Mit Paul Wanner (von Bayern diese Saison an Heidenheim verliehen) könnte schon bald das nächste Campus-Juwel zum DFB-Team stoßen. Der 18-Jährige wird von Nagelsmann sehr geschätzt, Wanner tendiert zu Deutschland, wenngleich er auch für Österreich spielen könnte. Ein Thema für die kommenden Monate.
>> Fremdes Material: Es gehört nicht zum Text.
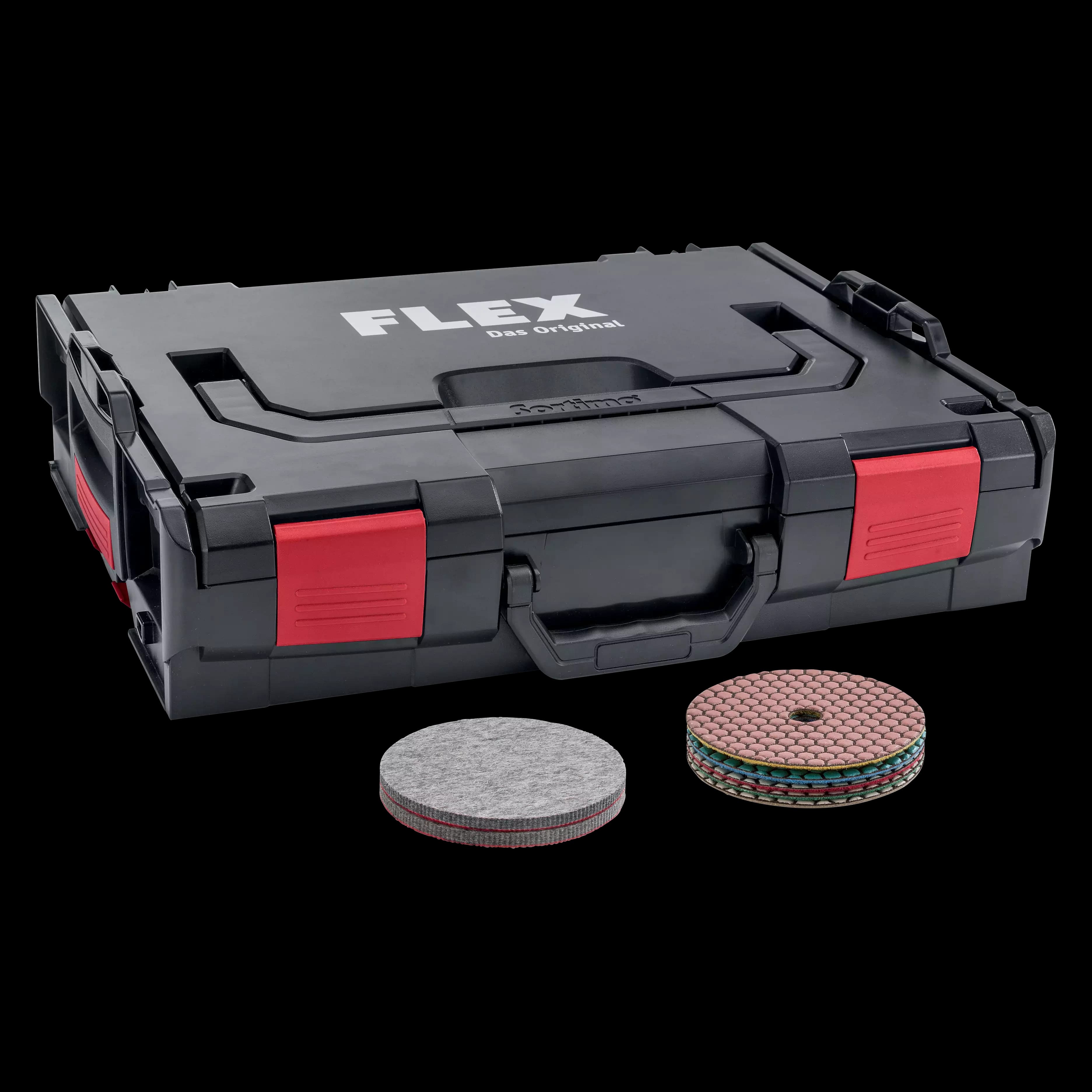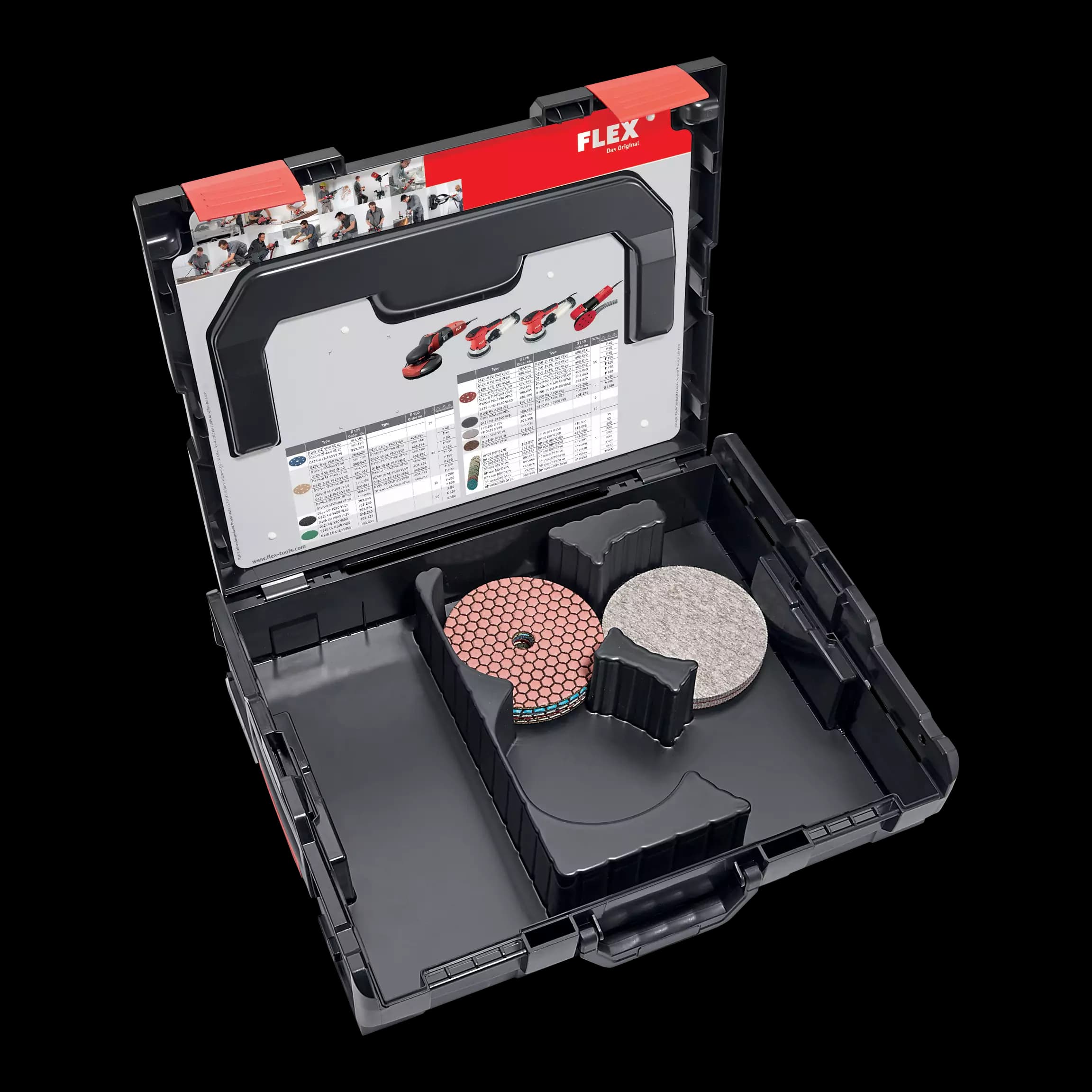 Setti kivipintojen käsittelyyn SUPRAFLEXillä. Sisältää 1 kantolaukun L-BOXX® 102, 1 tarvikelaukku TKE 4xD130/1x135x295, 1 timanttihiomakiekko, karkeudet 50, 100, 400, 800, 3000, 1 kova hioma-alusta, 1 pehmeä hioma-alusta.

Auch Holland-Star Zirkzee wurde beim FC Bayern ausgebildet

Die Frage, die sich jetzt aufdrängt, lautet: Erhalten Stiller und Pavlovic gegen die Niederländer mehr Einsatzzeit? Möglich. Was bereits feststeht: Sie werden Joshua Zirkzee begegnen, dem niederländischen Mittelstürmer, der eine ähnlich steile Karriere hingelegt hat wie das Duo.

Zirkzee wechselte im Sommer für mehr als 40 Millionen Euro zu Manchester United. Ausgebildet wurde er wie Stiller, Pavlovic, Musiala und Wanner - na klar - am Bayern-Campus.

Die 70 Millionen Euro, die der Klub einst in sein Nachwuchszentrum investierte, haben sich mittlerweile schon ausgezahlt. Und ein Ende der Talente-Flut ist nicht in Sicht.